The Role of Gender Equality in Accelerating Progress on SDG2

THE ROLE OF GENDER EQUALITY IN ACCELERATING PROGRESS ON SDG2

by Hazel Malapit | December 10, 2018

Dr. Hazel Malapit gives an interview at the IFPRI-FAO conference. Photo: J.Hodur/A4NH

Can gender equality accelerate the achievement of SDG2? I think the answer is yes.

There is a growing body of evidence that documents the linkages between SDG5 on gender equality and women's empowerment and SDG2 and SDG3 — eliminating poverty, achieving zero hunger and malnutrition, and good health and wellbeing for women and children.

For example, a recent IFPRI study by Agnes Quisumbing and colleagues found that greater equality between women and men within households was associated with better nutrition outcomes, especially in Bangladesh, Nepal, and Cambodia¹. This suggests that nutrition-sensitive agricultural programs that also aim to reduce intrahousehold inequality could have greater impacts than those that do not.

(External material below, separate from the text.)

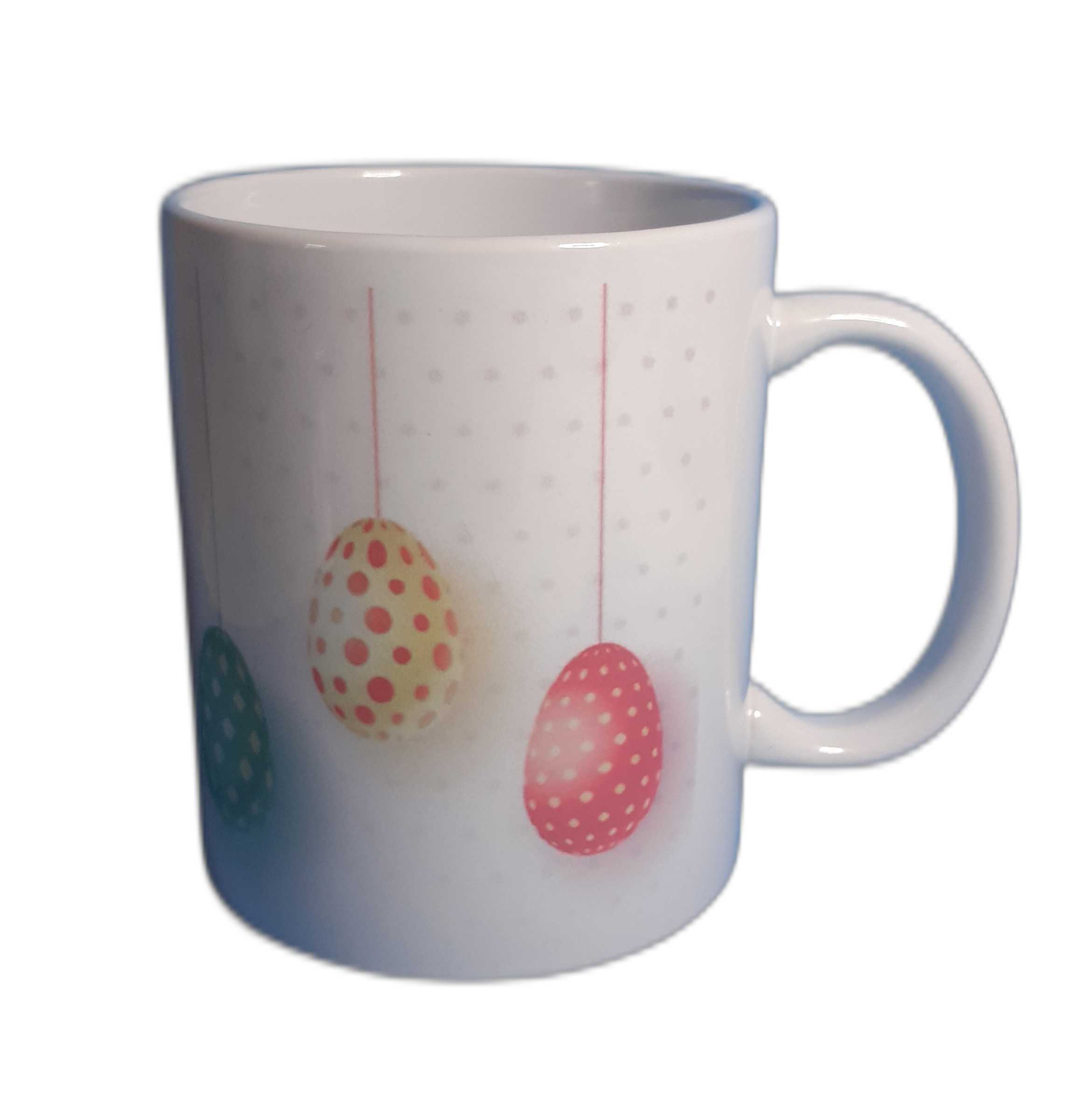 Biały kubek z motywem wielkanocnym o pojemności 330 ml. Najwyższej klasy AAA+ ceramiczny kubek odporny na mycie w zmywarce z trwałym nadrukiem i nieblednącymi kolorami.

Promoting gender equality and women's empowerment has the potential to unlock a virtuous cycle. Enhancing women's ability to advocate for their own needs and for the needs of their children can help direct resources towards nutritious food and other health inputs.

So how can we address gender to take advantage of potential synergies between gender equality and nutrition outcomes?

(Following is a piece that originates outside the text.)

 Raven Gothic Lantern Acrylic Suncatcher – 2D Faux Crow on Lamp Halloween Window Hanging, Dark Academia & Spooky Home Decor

Understanding pathways of impact

First, we need to know how our interventions are supposed to work. How will change happen? What chain of events must occur to lead to better nutrition for our target populations?

Agriculture is linked to nutrition in several ways. Agriculture is a source of food and income. Food prices influence decisions around what households spend on, including nutritious food and health inputs. All of these decisions subsequently influence food and nutrient intakes and overall diet quality of mothers and young children.

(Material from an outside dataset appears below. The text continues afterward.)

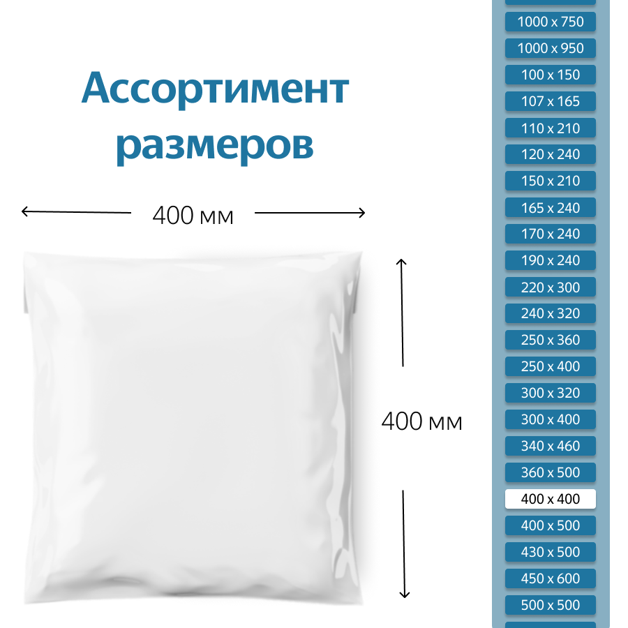 Курьерский пакет размером 400*400 мм при толщине материала 50 мкм без кармана один из самых маленьких выпускаемых белых пластиковых курьер-пакетов подойдет для упаковки и отправки небольших вещей бытового и промышленного назначения, например:

In the illustration above, adapted from TANDI, three out of six pathways to improved nutritional outcomes focus specifically on women, which highlights how women’s empowerment is critical to children’s nutrition.

  • Women’s empowerment influences who in the household participates in agricultural programs, what types of technologies are adopted, what crops are grown, which animals to raise. This has consequences for what is consumed at home, what is sold in the market, and who eats what.
  • Depending on how physically taxing women’s roles are in agriculture, particularly during pregnancy and lactation, there could be positive or negative implications on women’s own health and nutrition which can be passed on to their children.
  • Women’s participation in agriculture could also influence time use, which, because of their gendered role as primary care providers, has consequences for food preparation and caring practices for young children.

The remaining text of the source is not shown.